There are 5 types of sampling techniques that can be used by researchers. . Each one has its advantages and its pitfalls. The five type are random, systematic, stratified, cluster, and convenience sampling.

Random samples are samples that are selected by using chance methods. As long as each member of the population has an equal chance of being selected, this method is the best for obtaining a non-biased sample.

In a systematic sample, researchers pick a certain number of subject to skip to obtain a sample. For example, every 10th production in an assembly line could be tested for defects. When using this technique, it is important to understand how subjects are arranged in order to avoid bias. For example, if subjects are order "husband, wife, husband, wife..." picking every 10th subject would give a sample that is all wives.

Stratified sampling divides the population into groups based on a characteristic that is important to the study, and then obtain data from each group. For example, high school students could be stratified by their grade level and then asked about their grade in their English class. Samples within the strata should be randomly selected.

Cluster sampling is useful when dealing with large populations. If there already grouping that occur, a few of these clusters can be study at random. Data from every subject in the cluster should be obtained. It is important determine if these clusters represent the population to avoid bias. For example, each classroom in a school can used as a cluster. Then a few classroom can be randomly selected as a cluster to obtain data from. If a 12th grade AP English class and a 10th grade Honors History class were picked, there may be a bias in the data, because these class may not be representative of the population of the school.

Convenience sampling is the techniques most used by students. It is the "man on the street" technique. This type of sampling can be very biased becauses students only tend to obtain data from people physically close to them, which tends to be their friends and family. If it can be determined that the convenience sample is representative of the population, it can be used. Otherwise, it should not.


Blog #2
Module 2 focuses on the use of different types of regression. Discuss how students interpret regression in daily use.
Regression for students is all about finding connections, hopefully predictable, between two things. For example, they might find that when their "low fuel" light comes on in their car, they still have 50 miles until they run out of gas, even if they gauge is past they empty. I might conclude that if they do their homework, their grades will go up. Or they might find that when they get a good night's sleep, they feel better they next day. If they go to a casino, they might notice that the odds are always against them and the house always wins, but people can still win money, and that's what makes it exciting.


Blog #3
Simulations are a great way to for students to see how probability distributions are found in actual data. Discuss how you would use simulations within experiments.
I use simulations to show how the central limit theorem is built. I simulate coin flips using a python program, which will then give a graph of the results. The program can simulate a few coin flips to see how the graph lines up with the binomial distribution. As I increase the number of flips it simulates, the graph keeps getting closer and closer to the normal distribution. This helps students connect the blocky histogram of the binomial distribution to the smooth curve of the normal distribution.

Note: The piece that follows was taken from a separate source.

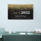black gold glitter script class of graduation party banner design. Modern gold and glitter effect and on trend bold typography and script text. Part of a collection.

The other simulation I run for them is of the Monty Hall Problem. It is a very tough problem to think through logically, and even when we talk about it, the logical never seems to make sense. The program I write simulates the problems many times and give the chance of winning the car. Sometimes they still believe the logic behind it, but they trust the computer because they can see each result happening.


Blog #4
Discuss how sampling can be used to make inferences about a population.
One way sampling is used to make inferences about a population is a process called hypothesis testing. It is a decision-making process that evaluates certain claims about a population. For example, a drug company may wish to know if a certain drug can reduce the infection rate of HIV in MSM over another drug. Two groups of men will be selected and each group will get a different drug. At the end of the trail, the number of new HIV-infection for each group will be counted, and the hypothesis test would be run, and the data would be used to determine if the new drug was better at preventing HIV infections.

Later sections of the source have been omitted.